Sometimes things happen in our lives that we simply have no words for. Granted, very few of those things have happened in my life, as I always seem to have words, but there are those rare occasions..... This week I was hit with one.
Since Tuesday, one thought, one face, one person, has stayed very close to my heart and my mind. Laura! The thoughts have been there, but no words. I have sat back and watched the world change overnight from a world with Laura in it, to a world where we will only see her face and hear her voice in the memories that linger behind her. I was almost to the point where I didn't think there would ever be words to describe this unbelievable force of nature who could make you laugh and yes....even cry at her will, until I was driving home this morning from buying a sky blue shirt in which to wear to her final good bye. Then the words hit me....and here I sit.
Laura truly was a force of nature and I have known her for the better part of 40 years. She and I had a love/hate relationship growing up. She loved to tease me, scare me and embarrass me....and I hated not knowing what she would do to me each time I walked into that house on Greenwich. In retrospect, Laura would never have frozen "my" underwear at a sleepover or made me help her push a car with a dead battery down a dirt road or embarrass me in Foods class every chance she got, if in fact, she didn't at least like me a little. At least this is what I tell myself. Yes, I am laughing.
In later years though, Laura turned into quite a woman. She was a single mother with two beautiful daughters and two beautiful grand kids. I watched as Laura's rough edges smoothed out and I was able to glimpse what hid beneath the surface. Laura had a heart that was pure and kind and truly good.
When David had surgeries and I did cheesecake benefits, Laura was always one of the first to order and she encouraged others to do it too. When David was in the hospital or whenever I would ask for prayers, she would often send me texts of encouragement and she even stopped by to check on us a couple of times when she still lived close. There was no pretext or ulterior motive, it was just Laura's heart shining through.
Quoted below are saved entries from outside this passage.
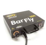
BAL-207-G120 BarFly 200 Ballast, 120VAC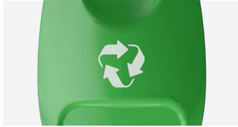
Multicolor hot stamping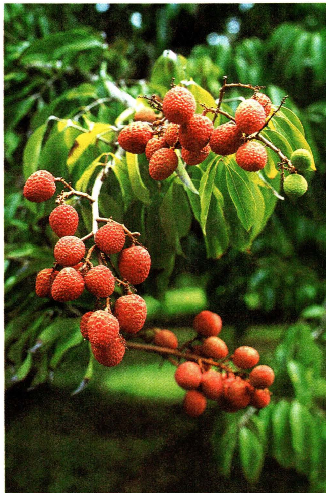
Figure 3. 'Kwai Mi' lychee.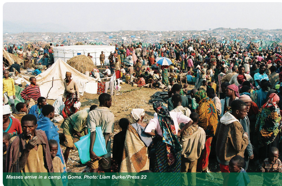
Masses arrive in a camp in Goma.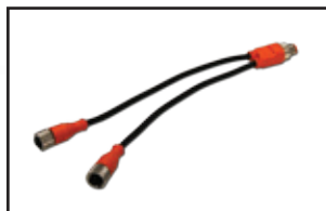
Y-Splitter Cable PN 131226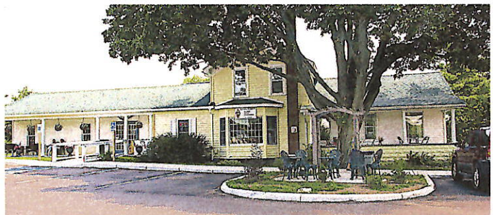
Herman's Boy's location today. A beautiful sprawling building with plenty of goodies to find inside.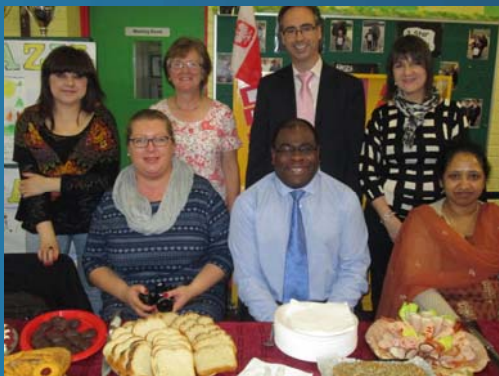
International food tasting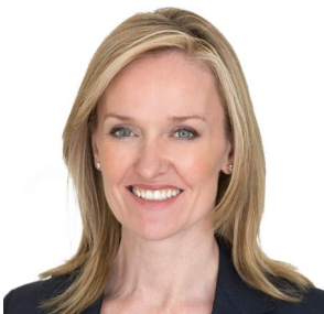
The Hon. Natalie Ward MLC Minister for Metropolitan Roads

We encourage local councils to review the RLRRP Guidelines and work closely with Transport for NSW to apply for the funding needed to repair their road networks to keep communities, families, and businesses connected.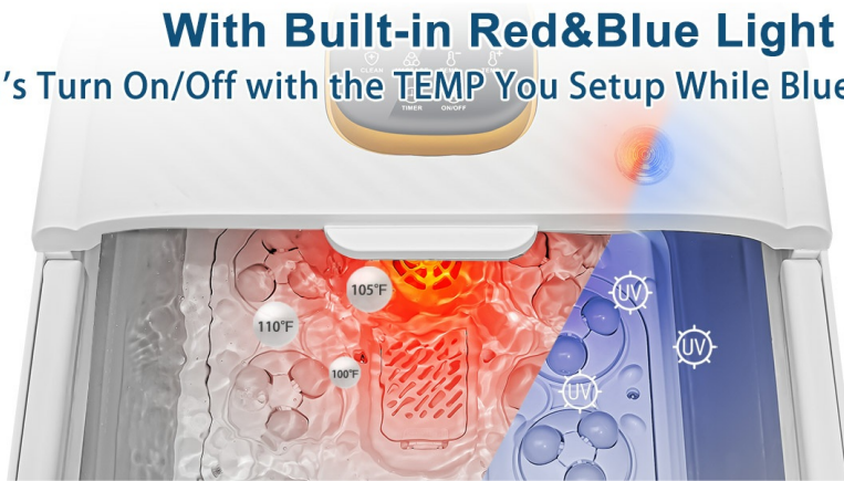
Image: An internal view of the foot spa showing the red light function active with temperature settings, and a blue light function for cleaning.

Laura lost her mom a few years back and while being a blow to her entire family (she was one of 12), I always thought that she in some ways, took it the hardest. There had always been a bond there and that loss seemed to penetrate her very being. Rather than let it destroy her though, she seemed to strive to be even better, moving in and taking care of her dad and working at being the best mother and grandmother she could be. I know her mom was proud.
In recent years, Laura seemed to have found herself and her life was a joy to watch unfold on facebook. That is where I now saw Laura as she had moved to AR and had a good job, a special guy and the devotion of her kids and grand kids. It truly was wonderful watching Laura bravely face life head on and become this really good person.
When I got the call on Tuesday, it was a gut shot. I had just the day before been looking at Laura's facebook Christmas pictures and thinking how wonderful it was that she was going into the new year so happy. There were tears. Unexpected tears and yes, I was a bit embarrassed. I knew if Laura were looking down that she would not like what she saw. Laura was not about the tears.
The last time I saw Laura was in my driveway. She had picked up cheesecakes. She was on her way to some family function or other and she told me if I could get away that I should stop by. As usual, I could not, but as she was leaving, she hugged me and said "You are the sister I never knew I wanted." We both laughed. It was high praise though coming from Laura. Then she said, "I am proud of all you do for your kids. You are a good mom." It touched me to my heart. I was proud of Laura too, but I am not sure I said it. I wish that I had said it.
So today, we wear sky blue and we honor a free spirit, who lived by no ones rules but her own. She was an oxymoron of tenderness and toughness, who made her mark on this world and is leaving a hole that no one could ever possibly fill. Whether you loved her or hated her, my bet is....you will never forget her. I know I won't! Quite honestly, Laura was the bravest woman I have ever known.